What is needed is an exact repetition of the lines below, from the first one through the one holding "人気のショートボブ!ショート", with no pictures and nothing else.
#### DATA EXCERPTS ####
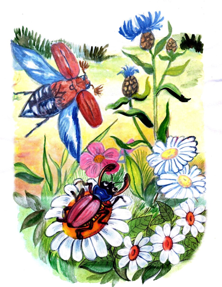 -Давай, Майчок, отправимся в путешествие! Когда мы спускались с тучки, то сверху я видел очень красивую полянку! -О чём ты говоришь! - отвечал Майчок. -Кругом такие заросли репейника, нам ни за что через них не пробраться! Заблудимся ещё... -Эх ты! - засмеялся Хоп. - Ты думаешь, что мы пойдём пешком? А это видел! Хоп приоткрыл вдруг на спинке створки панциря, и оттуда распустились крылышки! Тонкие, прозрачные, но такие сильные. Крылышки быстро-быстро замахали и подняли Хопа над землёй. Он лихо перекувыркнулся несколько раз и закружил над приятелем. Майчок был так изумлён, что даже не мог сначала говорить. А потом загрустил: - Тебе то хорошо! А как же я? - Давай и ты учись летать! Раз я сумел, значит, и ты будешь летать! Майчок немного подумал. Понаблюдал за кружившимся Хопом, напыжился и подпрыгнул. Но у него крылышки даже не раскрылись, и он упал, перевернувшись на спинку. - Ничего, ничего, - успокаивает его Хоп, помогая встать на лапки. -Попробуй прыгнуть с травинки! Майчок влез на с
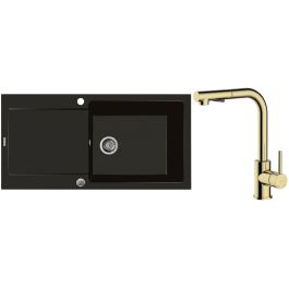 1. Jednomiestny granitový drez Oltens Gravan s odkvapkávacou miskou, 100 x 50 cm, matná čierna, 72101300
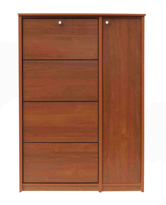 Обувной шкаф Клио изготовлен из ЛДСП 25мм (боковые стенки) и 16мм (верх, низ, топ, цоколь), обрамленная кромкой ПВХ толщиной 1мм и 0,4мм (с тыльной стороны).
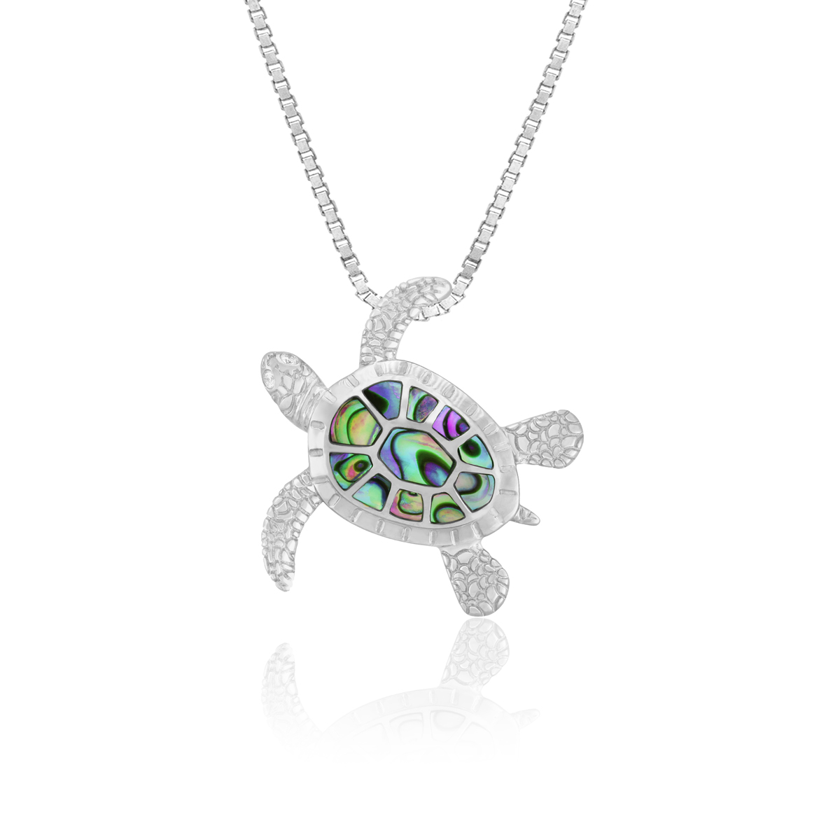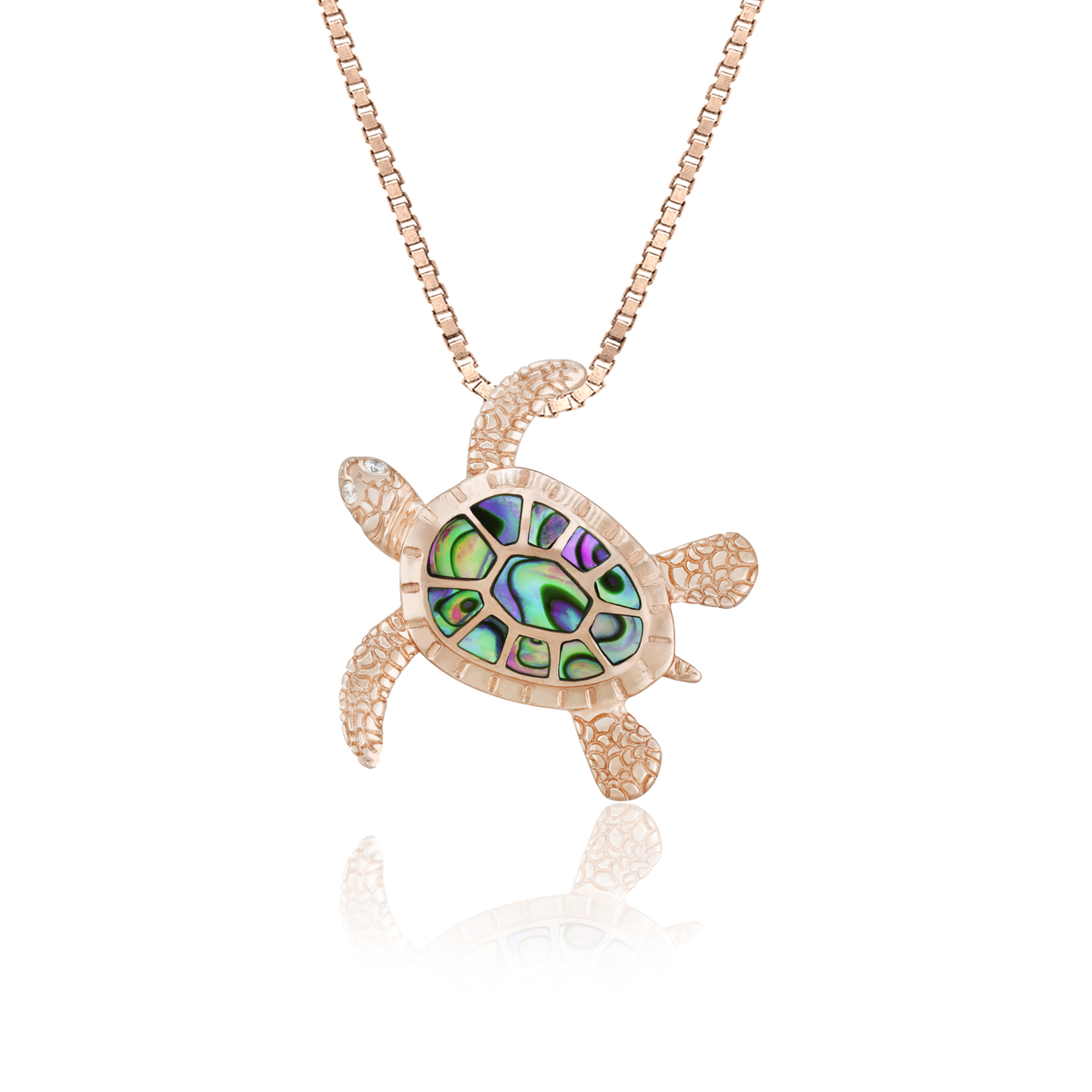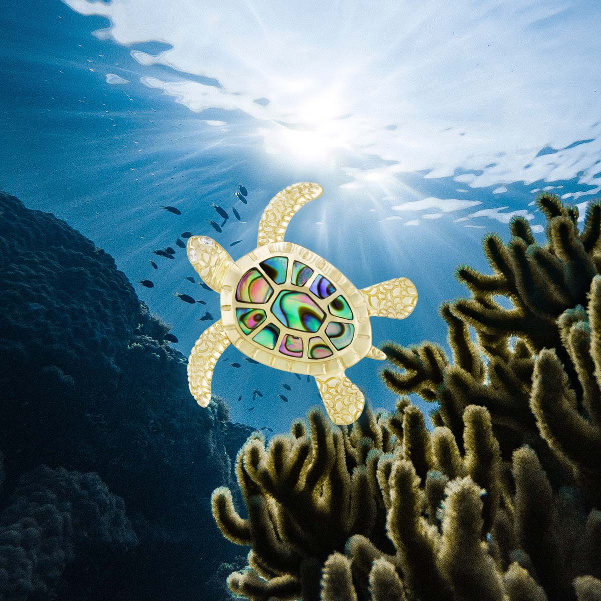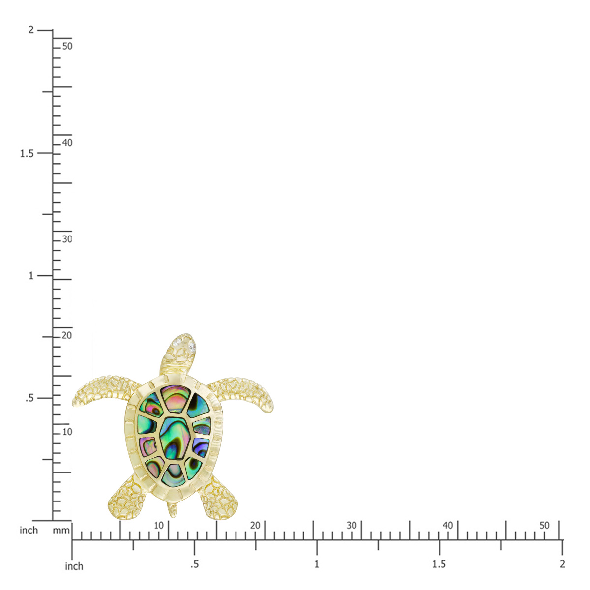 Stunning, Abalone Turtle Gold Pendant. Diamond eye accent 0.01ct. 21mm(4/5″) x 19mm(3/”4). Perfect for everyday wear. From Honolulu, Hawaii.
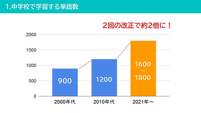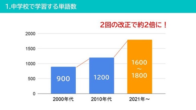 また、中学校で覚える英単語が1200語から400語増え、1600~1800語になりました。
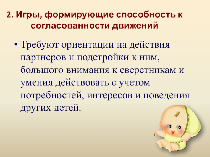 Слайд 152. Игры, формирующие способность к согласованности движений
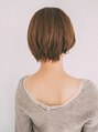人気のショートボブ!ショートから伸ばしているので、バランスの良いボリュームの位置を決めて、カットしてます!バングをしっかり作って肌出す事で重たいただのボブではなく、ヘルシーなスタイルに!カラーは透明感出して軽く見せてます![大島/大島駅]
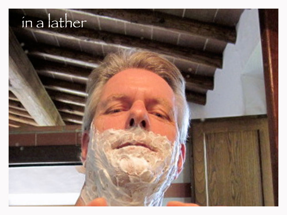 Here’s what happened Friday morning at 7:45 am. I was standing in the bathroom, gazing into the mirror. Then routinely, I began to apply my schiuma da barba, shaving cream as I do every morning. At 7:48, my face was covered with about 1/2″ of white foam on all of the appropriate areas, nicely done, and ready for the blade. (I do usually admire my even-handed application of the foam. But typically I don’t take a picture. C’mon, that would be ridiculous! It’s a re-enactment for the story.)
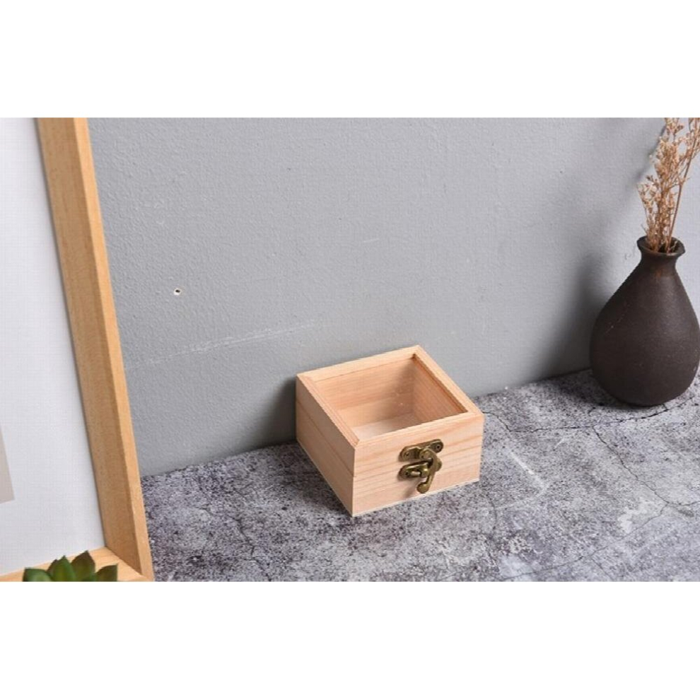 Wooden Square Hinged Storage Boxes Craft Gift Storage Container Dust Jewelry Box Wodden Leather Storage Organizer Earring Holder
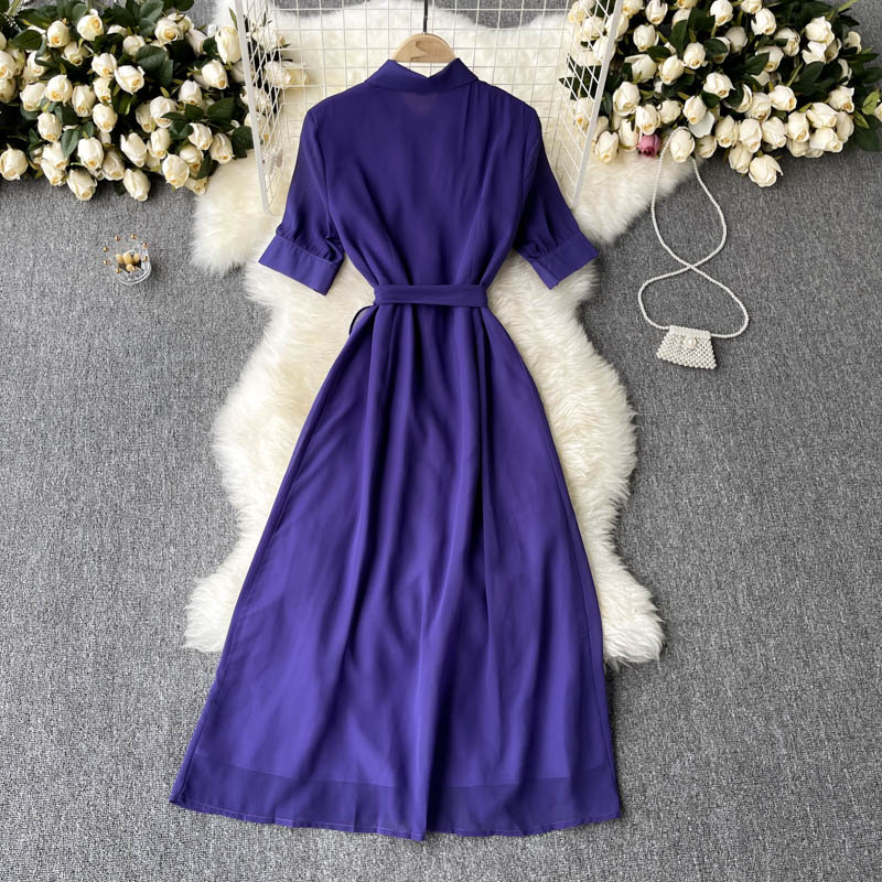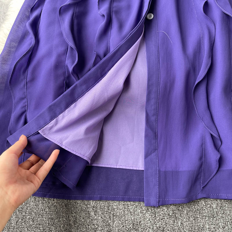 Vintage Purple Dress Women Elegant Ruffle Turn-Down Collar High Waist A-Line Casual Vestidos With Sashes Female Summer Plus Size
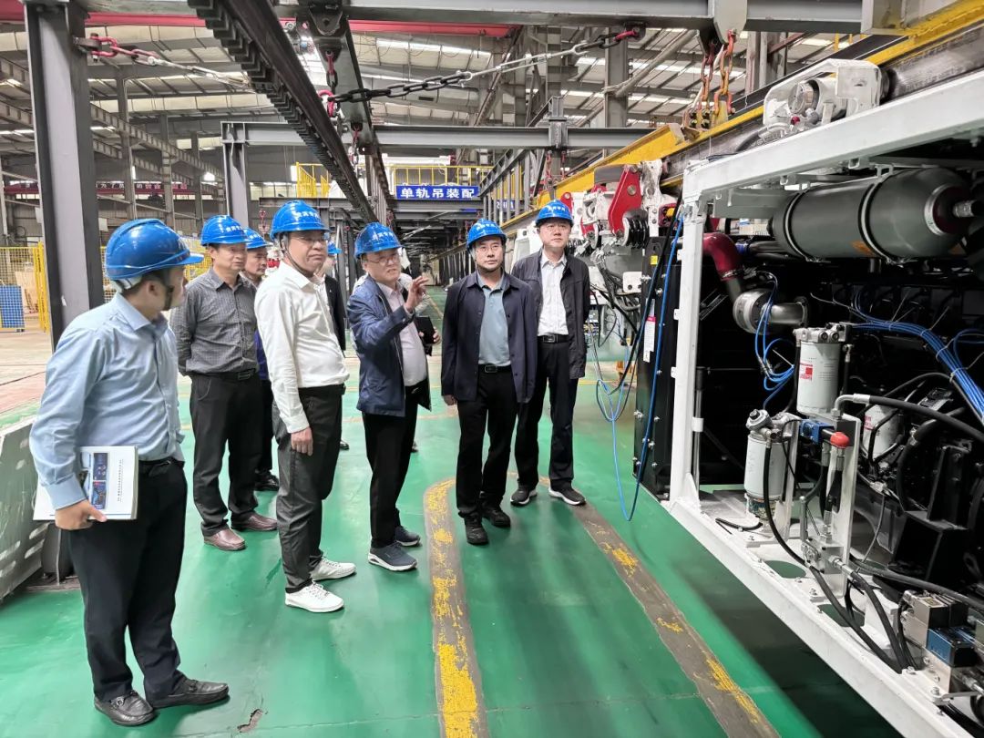 座談會上,肖董事長向梁副市長一行介紹了企業(yè)基本情況、技術創(chuàng)新能力、產品市場前景、發(fā)展規(guī)劃等情況。梁副市長對【恒欣股份】二十多年來深耕礦山軌道運輸智能裝備給予了高度肯定。隨后,在肖董事長的陪同下,梁副市長一行先后參觀了企業(yè)榮譽展廳、數控下料車間、數控自動生產線、礦用單軌吊試驗線等區(qū)域。在參觀礦用單軌吊試驗區(qū)時,肖董事長向梁副市長一行詳細介紹了礦用單軌吊的產品類型、AI視頻、無人駕駛等技術優(yōu)勢,并重點講解了【恒欣股份】單軌吊優(yōu)于同行業(yè)產品的安全指標和性能。
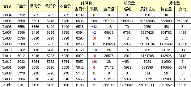 主力TA905合約當日交易走勢
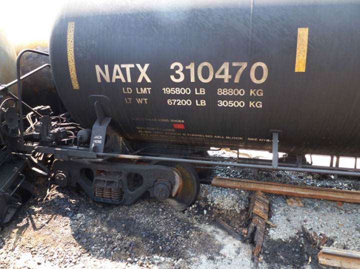 | Position and orientation of derailed car | This car came to rest on its left side, crushed between cars NATX 310508 and ACFX 79383 (consist no. 56 and 58) in the main pile-up and perpendicular to the direction of movement. |
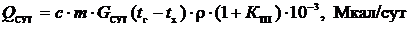 .2 Расчет тепловых нагрузок на вентиляцию по удельной
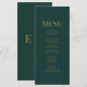 Minimalistische Emerald Green Monogram Wedding Menükarte
####
_RESPONSE TO THE TASK:_
 -Давай, Майчок, отправимся в путешествие! Когда мы спускались с тучки, то сверху я видел очень красивую полянку! -О чём ты говоришь! - отвечал Майчок. -Кругом такие заросли репейника, нам ни за что через них не пробраться! Заблудимся ещё... -Эх ты! - засмеялся Хоп. - Ты думаешь, что мы пойдём пешком? А это видел! Хоп приоткрыл вдруг на спинке створки панциря, и оттуда распустились крылышки! Тонкие, прозрачные, но такие сильные. Крылышки быстро-быстро замахали и подняли Хопа над землёй. Он лихо перекувыркнулся несколько раз и закружил над приятелем. Майчок был так изумлён, что даже не мог сначала говорить. А потом загрустил: - Тебе то хорошо! А как же я? - Давай и ты учись летать! Раз я сумел, значит, и ты будешь летать! Майчок немного подумал. Понаблюдал за кружившимся Хопом, напыжился и подпрыгнул. Но у него крылышки даже не раскрылись, и он упал, перевернувшись на спинку. - Ничего, ничего, - успокаивает его Хоп, помогая встать на лапки. -Попробуй прыгнуть с травинки! Майчок влез на с
 1. Jednomiestny granitový drez Oltens Gravan s odkvapkávacou miskou, 100 x 50 cm, matná čierna, 72101300
 Обувной шкаф Клио изготовлен из ЛДСП 25мм (боковые стенки) и 16мм (верх, низ, топ, цоколь), обрамленная кромкой ПВХ толщиной 1мм и 0,4мм (с тыльной стороны).
 Stunning, Abalone Turtle Gold Pendant. Diamond eye accent 0.01ct. 21mm(4/5″) x 19mm(3/”4). Perfect for everyday wear. From Honolulu, Hawaii.
 また、中学校で覚える英単語が1200語から400語増え、1600~1800語になりました。
 Слайд 152. Игры, формирующие способность к согласованности движений
人気のショートボブ!ショートから伸ばしているので、バランスの良いボリュームの位置を決めて、カットしてます!バングをしっかり作って肌出す事で重たいただのボブではなく、ヘルシーなスタイルに!カラーは透明感出して軽く見せてます![大島/大島駅]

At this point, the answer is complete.